LANGA: I scare people a lot because I walk very softly and they don't hear me enter rooms. So when they turn around, I'm just kind of there and their fear fuels me.

REKI: I am very small and I have no money, so you can imagine the kind of stress that I'm under.

MURDERER: Any last words?
MIYA: Do you think I'm cute? Be honest.

JOE: I am so horny and angry all the time.

SHADOW: Sometimes I'll start a sentence and I don't even know where it's going. I just hope I find it along the way.

REKI: Oh and for your information, I don't have an ego.
REKI: My Instagram photo is a landscape.

(NAME): I'm not a morning person. I'm barely even a person.

CHERRY: *as a child, reading their school assignment out loud* I love my library because...
CHERRY: *mouthing words while writing* I love reading, fuck you.
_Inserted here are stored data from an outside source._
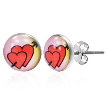 Oceľové náušnice s puzetovým zapínaním, červené srdce prepichnuté šípom na bielom podklade.
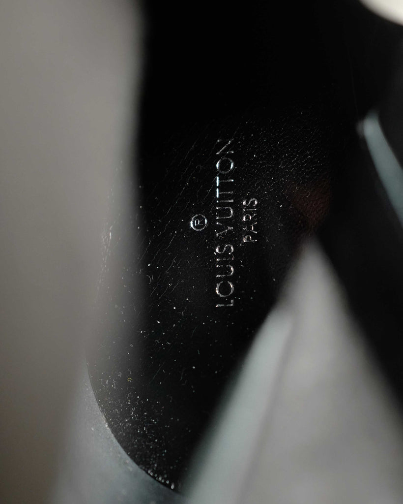 Thigh high, over knee Louis Vuitton gloss leather boots with iconic four edged heel like the monogram. Figure fitted shaft. Black zipper on inside over ankle and up to ca knee.
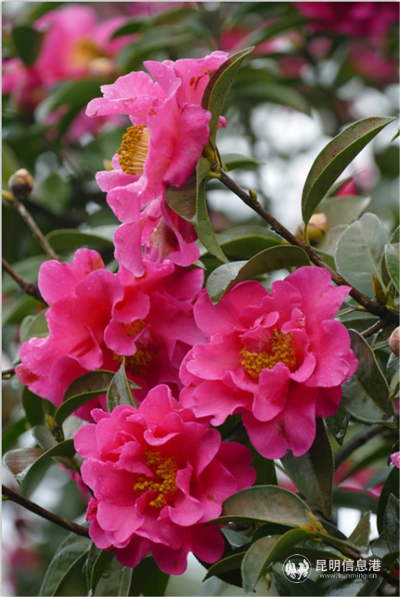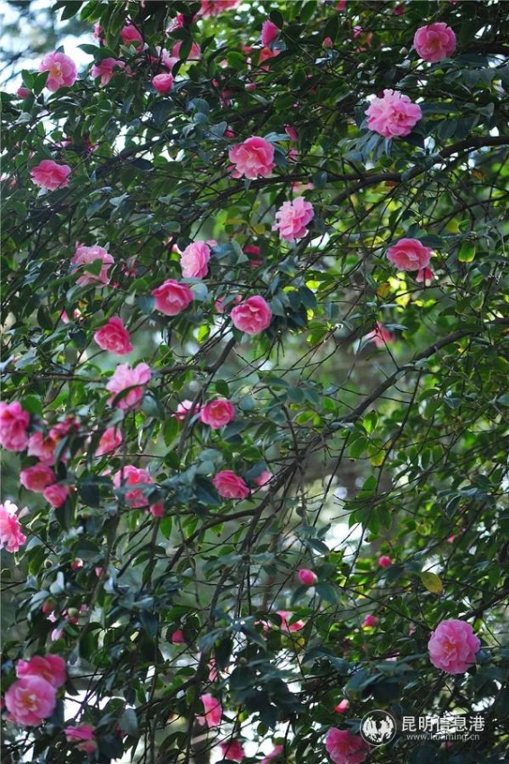 来到昆明植物园,一定要去观赏由本园培育或命名的50多个新品种。比如早茶花‘红霞迎春’、‘幼堂春秀’等品种。云南山茶品种‘早桃红’、‘雪娇’、‘红霞迎春’、‘金蕊芙蓉’,山茶品种‘岩根绞’、‘十八学士’,杂交种‘情人节’、‘迷茫的春天’等也非常值得观赏。在该园还可以欣赏到有植物界大熊猫之称的金花茶,珍稀原生种崇左金花茶、杜鹃红山茶及山茶科中极其珍贵的单种属猪血木等珍稀植物。800多株树龄70年的云南山茶大树更是蔚为壮观。

JOE: Sometimes I get so caught up on being gay that I forget I'm actually bi.

ADAM: What doesn't kill me better start running, because now I'm fucking pissed.

MIYA: Sure, you're verified on twitter, but are you verified in the eyes of god?

(NAME): There's nothing to do....
JOE: You can wash the dishes you promised to wash about a week ago.
(NAME): *pulls out their phone* Nevermind.

LANGA: Damn, the power went out.
REKI: Don't worry, I got this.
REKI: *shakes rapidly and starts to light up*
LANGA: What-?
REKI: I swallowed a glow stick!
LANGA: *on the verge of tears* WHY WOULD YOU-

REKI: Do not come over to my house. If the house is on fire you may knock once, if I don't answer assume I set the fire and I want to burn to death.

(NAME): *teaching Cherry to drive* Okay, you're driving and Joe and Adam walk into the road. Quick, what do you hit?
CHERRY: Oh, definitely Adam. I could never hurt Joe.
(NAME): *massaging their temples* The brakes. You hit the brakes.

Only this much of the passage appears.